Content starts
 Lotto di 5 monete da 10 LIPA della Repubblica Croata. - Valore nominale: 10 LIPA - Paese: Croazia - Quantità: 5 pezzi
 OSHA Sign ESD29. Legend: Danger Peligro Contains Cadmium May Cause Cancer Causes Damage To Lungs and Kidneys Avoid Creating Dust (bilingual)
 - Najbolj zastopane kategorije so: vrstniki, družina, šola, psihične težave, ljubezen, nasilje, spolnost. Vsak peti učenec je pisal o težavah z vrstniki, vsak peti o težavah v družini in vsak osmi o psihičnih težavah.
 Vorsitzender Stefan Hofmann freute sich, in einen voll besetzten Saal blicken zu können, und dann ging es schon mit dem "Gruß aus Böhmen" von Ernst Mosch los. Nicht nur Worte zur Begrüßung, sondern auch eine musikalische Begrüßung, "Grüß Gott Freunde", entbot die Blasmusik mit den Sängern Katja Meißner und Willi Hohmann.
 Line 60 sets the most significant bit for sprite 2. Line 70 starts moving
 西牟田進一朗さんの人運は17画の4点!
Content ends
Content starts
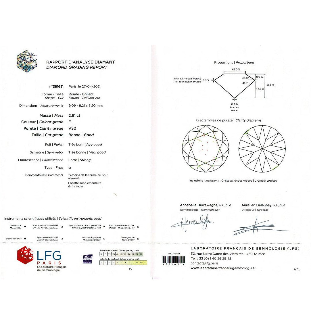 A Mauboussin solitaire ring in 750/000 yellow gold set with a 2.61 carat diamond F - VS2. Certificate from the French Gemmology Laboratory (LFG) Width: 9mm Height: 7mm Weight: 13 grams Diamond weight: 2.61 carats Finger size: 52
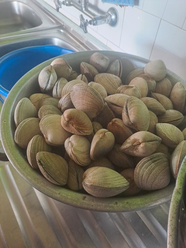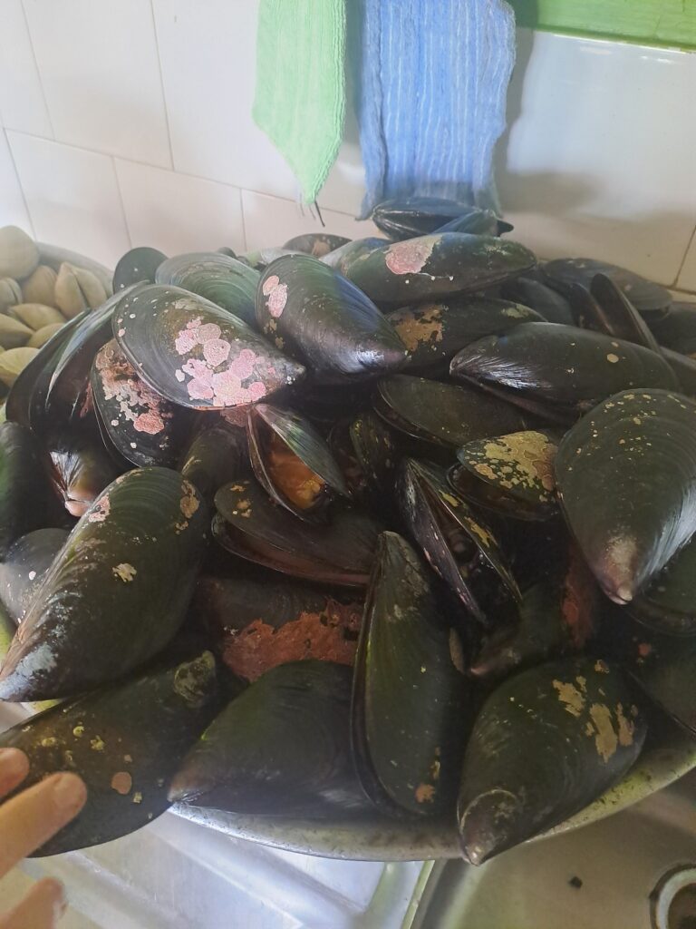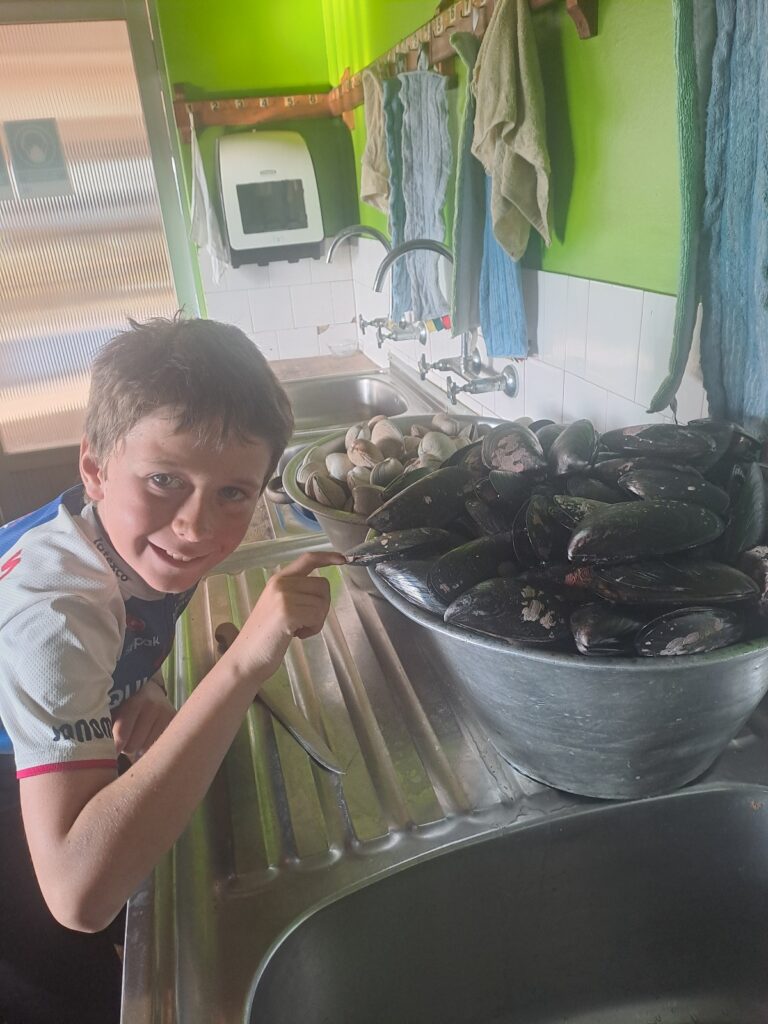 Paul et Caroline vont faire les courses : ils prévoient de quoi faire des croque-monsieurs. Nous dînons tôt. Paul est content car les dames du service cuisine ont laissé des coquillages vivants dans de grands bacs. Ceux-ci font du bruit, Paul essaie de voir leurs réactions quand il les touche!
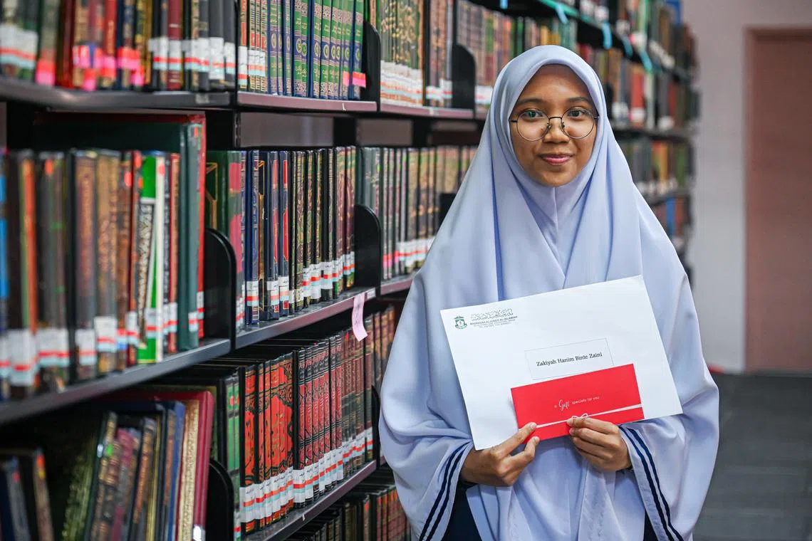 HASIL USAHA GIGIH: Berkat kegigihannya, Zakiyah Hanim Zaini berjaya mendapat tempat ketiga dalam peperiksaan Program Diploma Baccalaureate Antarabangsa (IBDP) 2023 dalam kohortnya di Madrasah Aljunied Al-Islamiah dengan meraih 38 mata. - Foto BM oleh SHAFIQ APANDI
Content ends
Goal of the exercise: Given the records above, restate word for word only the lines starting at the one with "Line 60 sets" and ending at the one with "西牟田進一朗さんの人運は17画の4点!".

Output:
 Line 60 sets the most significant bit for sprite 2. Line 70 starts moving
 西牟田進一朗さんの人運は17画の4点!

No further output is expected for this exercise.